WHAT THIS TASK INVOLVES: Write out everything in the records exactly, apart from the pictures.

GIVEN DATA:
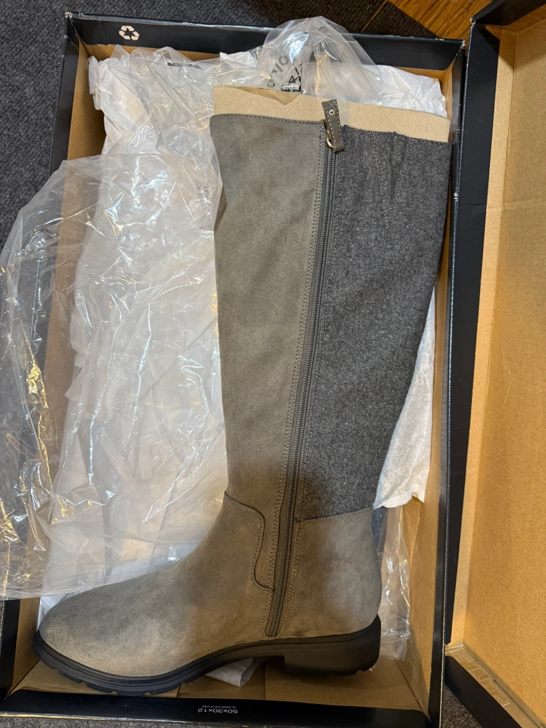 Dr. Scholl's tall boots featuring a suede-like material and a wool-blend shaft. These boots have a full-length zipper for easy on and off. They are made in Vietnam.
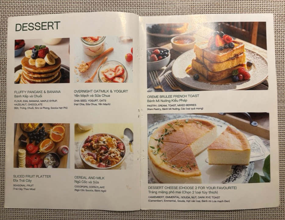 조식은 코스 형태로 제공되어서 좋았다. 조식은 아침에 아래의 메뉴에서 에피타이저 1 + 메인 1 + 디저트 2 + 음료 1을 선택할 수 있다.
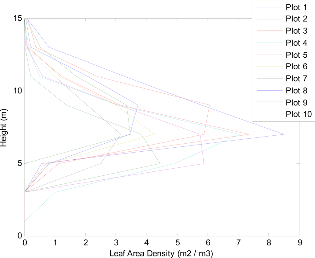 We cannot compare individual pulse metrics with LAD values as LAD was defined over a larger volume, but we can compare average LAD over a volume with average parameter values. Figure 10 shows how LAD varied by height for the ten plots. Understorey was not included in the LAD measurements, although its height was noted and did not exceed 4 m.
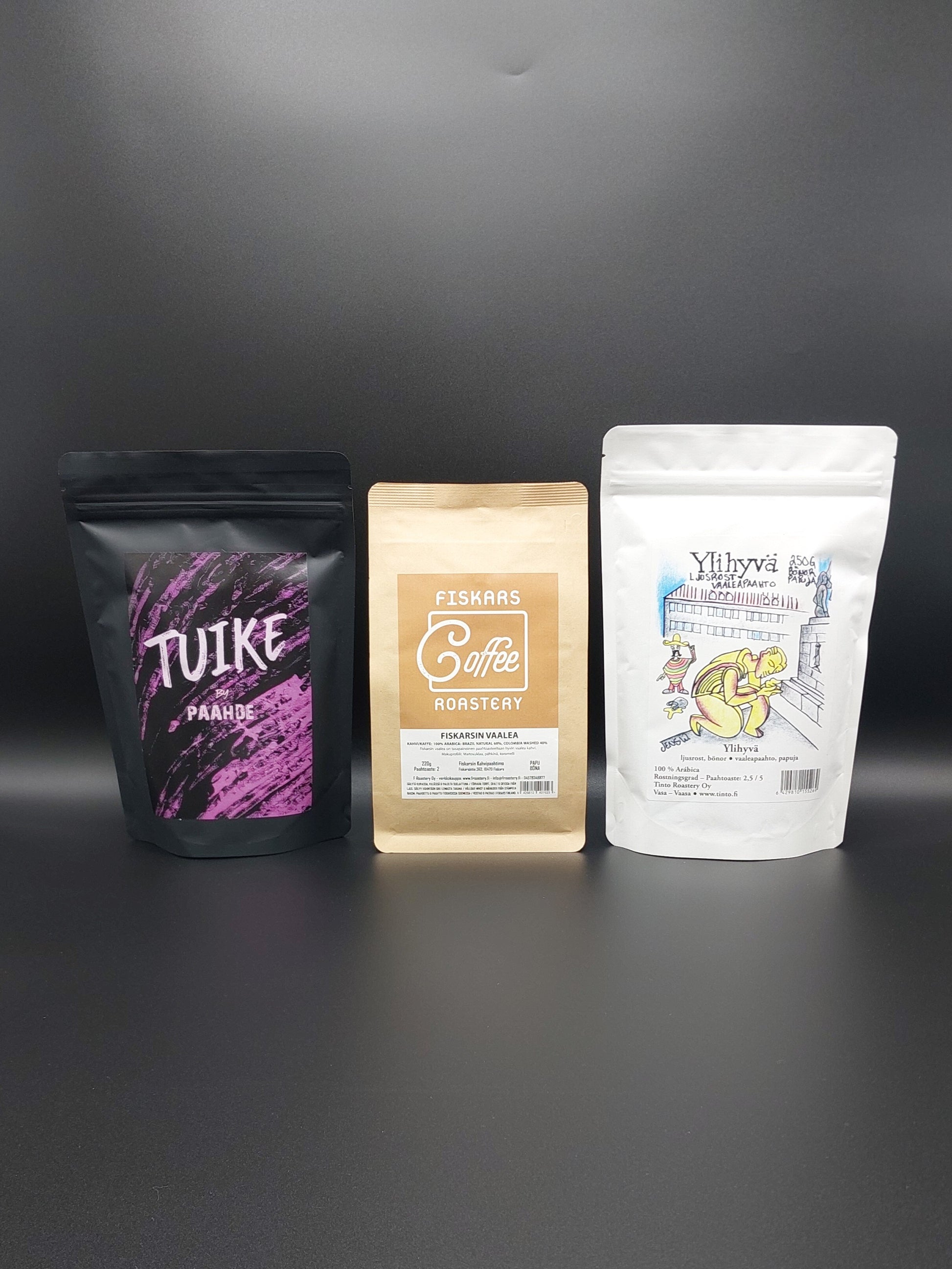 Setti sisältää nämä 3 kahvia. Voita valita kahvit suodatinjauhatuksella tai papuina.
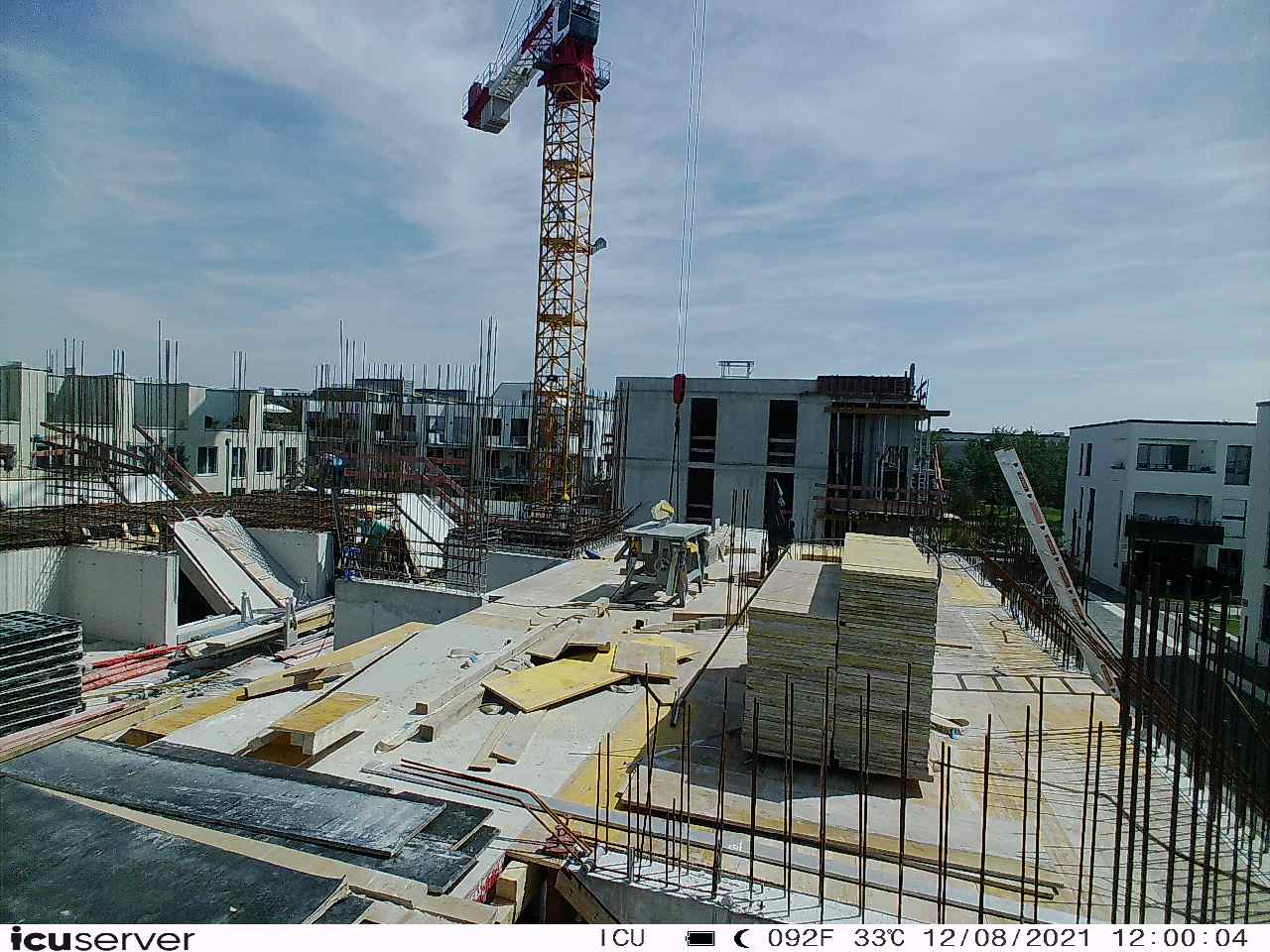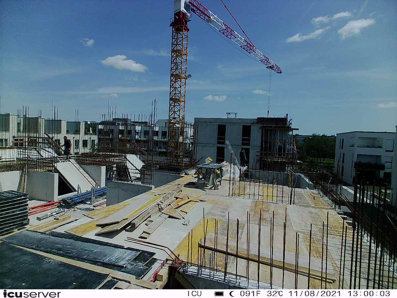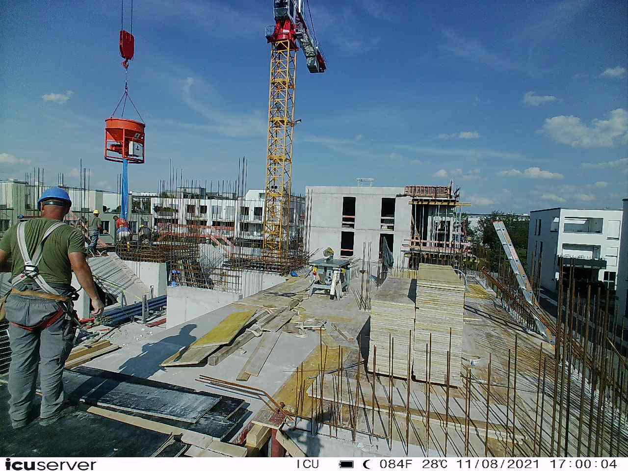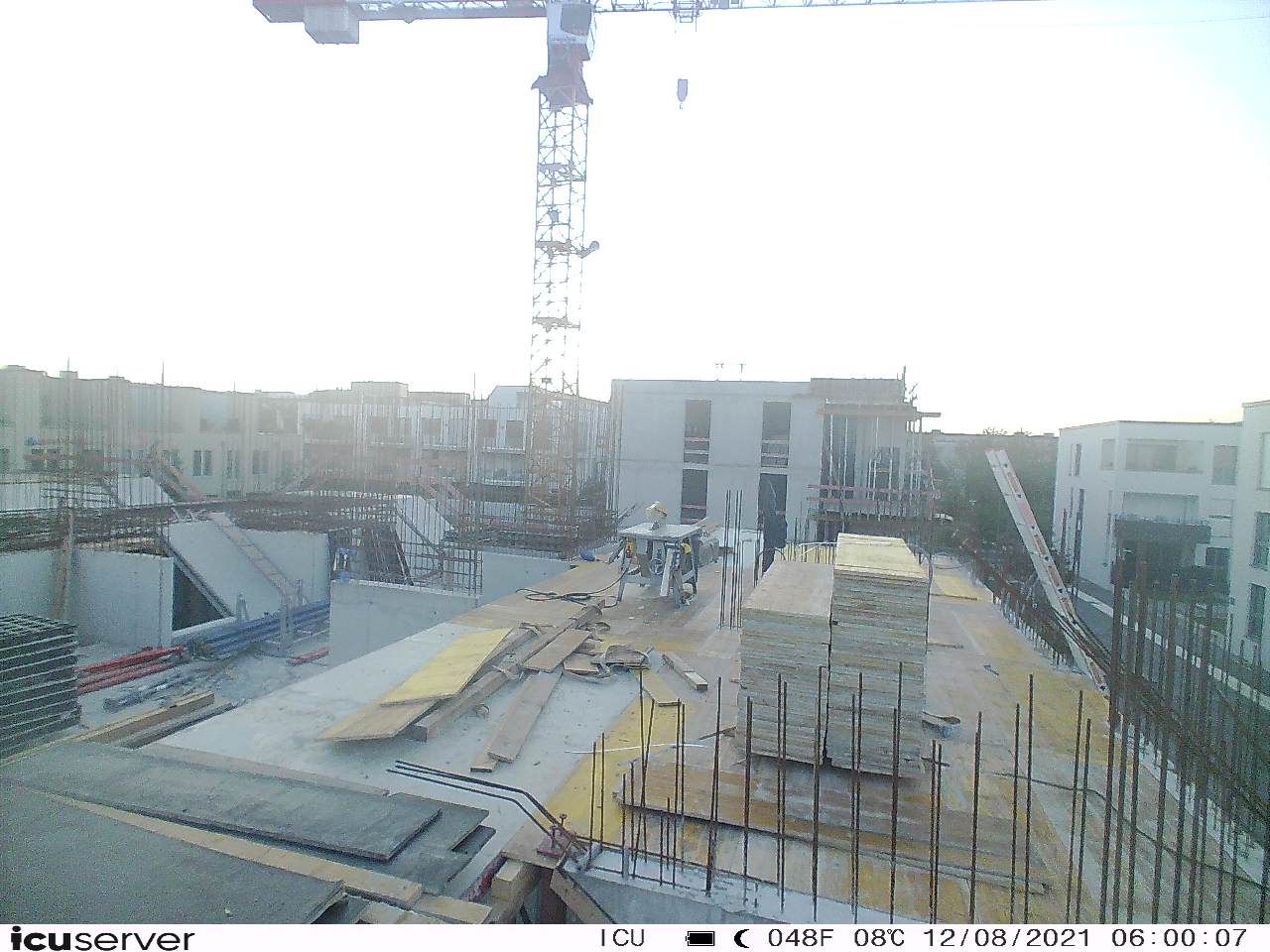 Die Kamera steht am westlichen Ende der Baustelle. Sie blickt nach Osten. Bilder: 26. Februar - 13. August 2021.

SOLUTION TO THE PROBLEM:
 Dr. Scholl's tall boots featuring a suede-like material and a wool-blend shaft. These boots have a full-length zipper for easy on and off. They are made in Vietnam.
 조식은 코스 형태로 제공되어서 좋았다. 조식은 아침에 아래의 메뉴에서 에피타이저 1 + 메인 1 + 디저트 2 + 음료 1을 선택할 수 있다.
 We cannot compare individual pulse metrics with LAD values as LAD was defined over a larger volume, but we can compare average LAD over a volume with average parameter values. Figure 10 shows how LAD varied by height for the ten plots. Understorey was not included in the LAD measurements, although its height was noted and did not exceed 4 m.
 Setti sisältää nämä 3 kahvia. Voita valita kahvit suodatinjauhatuksella tai papuina.
 Die Kamera steht am westlichen Ende der Baustelle. Sie blickt nach Osten. Bilder: 26. Februar - 13. August 2021.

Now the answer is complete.